> **Exercise instructions**: Omit all pictures, then retype exactly the lines from the one that contains "尼崎第7団65周年記念品が先" through the end of the listing.

··········

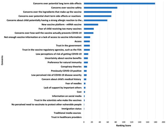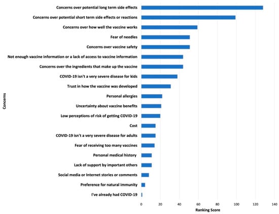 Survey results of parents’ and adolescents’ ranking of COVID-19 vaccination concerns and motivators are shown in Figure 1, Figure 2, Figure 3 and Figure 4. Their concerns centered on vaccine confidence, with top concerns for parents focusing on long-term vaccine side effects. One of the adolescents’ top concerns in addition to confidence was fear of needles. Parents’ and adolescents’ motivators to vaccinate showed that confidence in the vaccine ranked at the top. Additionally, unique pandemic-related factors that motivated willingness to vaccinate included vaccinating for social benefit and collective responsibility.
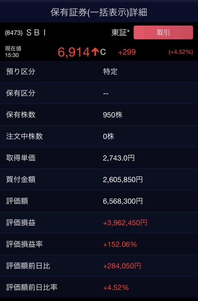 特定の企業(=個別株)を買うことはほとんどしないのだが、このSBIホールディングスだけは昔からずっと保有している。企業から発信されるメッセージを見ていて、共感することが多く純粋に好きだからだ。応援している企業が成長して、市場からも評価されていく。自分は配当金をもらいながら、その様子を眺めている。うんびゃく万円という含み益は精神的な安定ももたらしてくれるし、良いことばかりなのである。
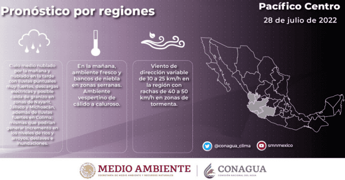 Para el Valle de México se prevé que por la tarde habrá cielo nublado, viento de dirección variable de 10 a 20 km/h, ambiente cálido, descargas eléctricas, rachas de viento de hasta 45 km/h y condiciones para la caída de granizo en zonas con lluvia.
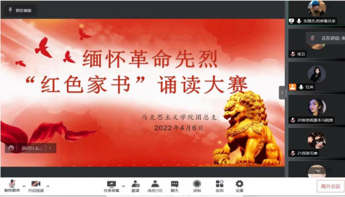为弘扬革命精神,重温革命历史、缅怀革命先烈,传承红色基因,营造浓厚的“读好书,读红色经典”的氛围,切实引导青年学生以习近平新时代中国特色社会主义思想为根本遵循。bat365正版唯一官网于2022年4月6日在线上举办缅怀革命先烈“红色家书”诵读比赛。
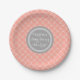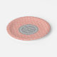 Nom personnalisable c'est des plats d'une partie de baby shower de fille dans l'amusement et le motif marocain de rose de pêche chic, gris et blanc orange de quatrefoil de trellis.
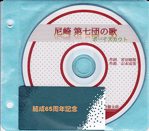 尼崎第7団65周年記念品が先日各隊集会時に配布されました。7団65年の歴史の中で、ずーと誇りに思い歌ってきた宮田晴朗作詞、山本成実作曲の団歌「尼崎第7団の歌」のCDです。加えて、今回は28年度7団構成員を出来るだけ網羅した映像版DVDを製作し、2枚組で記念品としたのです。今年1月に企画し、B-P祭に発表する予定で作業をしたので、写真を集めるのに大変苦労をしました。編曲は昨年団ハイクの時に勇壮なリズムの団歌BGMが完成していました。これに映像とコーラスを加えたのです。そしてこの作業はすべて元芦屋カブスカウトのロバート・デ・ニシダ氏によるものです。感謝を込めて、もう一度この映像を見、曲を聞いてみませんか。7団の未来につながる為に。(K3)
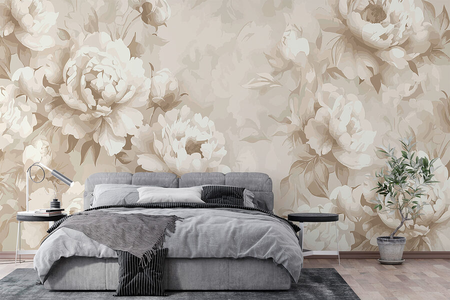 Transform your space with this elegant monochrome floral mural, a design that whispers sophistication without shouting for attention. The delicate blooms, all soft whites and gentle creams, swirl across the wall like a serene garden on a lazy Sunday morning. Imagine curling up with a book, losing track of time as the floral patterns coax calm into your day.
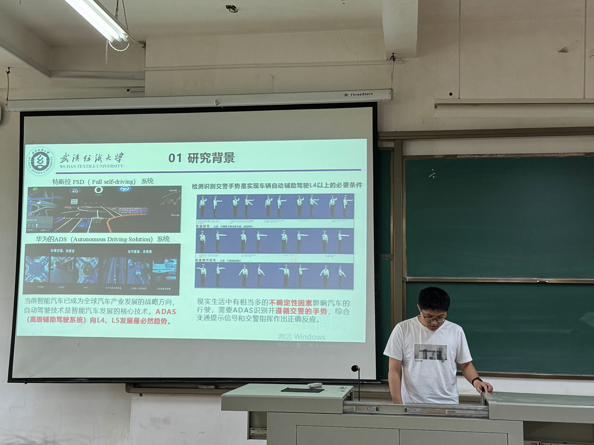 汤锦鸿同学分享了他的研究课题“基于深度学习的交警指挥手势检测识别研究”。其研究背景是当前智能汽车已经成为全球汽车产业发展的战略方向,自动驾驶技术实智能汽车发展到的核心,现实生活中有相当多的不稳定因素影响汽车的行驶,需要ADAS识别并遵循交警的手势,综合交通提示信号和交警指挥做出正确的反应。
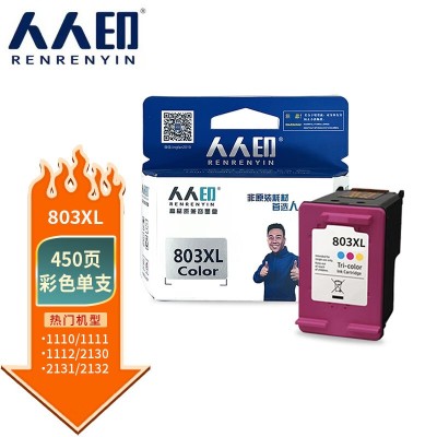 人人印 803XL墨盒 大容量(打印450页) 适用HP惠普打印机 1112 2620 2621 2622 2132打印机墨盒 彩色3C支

··········

> **Response below**:
 尼崎第7団65周年記念品が先日各隊集会時に配布されました。7団65年の歴史の中で、ずーと誇りに思い歌ってきた宮田晴朗作詞、山本成実作曲の団歌「尼崎第7団の歌」のCDです。加えて、今回は28年度7団構成員を出来るだけ網羅した映像版DVDを製作し、2枚組で記念品としたのです。今年1月に企画し、B-P祭に発表する予定で作業をしたので、写真を集めるのに大変苦労をしました。編曲は昨年団ハイクの時に勇壮なリズムの団歌BGMが完成していました。これに映像とコーラスを加えたのです。そしてこの作業はすべて元芦屋カブスカウトのロバート・デ・ニシダ氏によるものです。感謝を込めて、もう一度この映像を見、曲を聞いてみませんか。7団の未来につながる為に。(K3)
 Transform your space with this elegant monochrome floral mural, a design that whispers sophistication without shouting for attention. The delicate blooms, all soft whites and gentle creams, swirl across the wall like a serene garden on a lazy Sunday morning. Imagine curling up with a book, losing track of time as the floral patterns coax calm into your day.
 汤锦鸿同学分享了他的研究课题“基于深度学习的交警指挥手势检测识别研究”。其研究背景是当前智能汽车已经成为全球汽车产业发展的战略方向,自动驾驶技术实智能汽车发展到的核心,现实生活中有相当多的不稳定因素影响汽车的行驶,需要ADAS识别并遵循交警的手势,综合交通提示信号和交警指挥做出正确的反应。
 人人印 803XL墨盒 大容量(打印450页) 适用HP惠普打印机 1112 2620 2621 2622 2132打印机墨盒 彩色3C支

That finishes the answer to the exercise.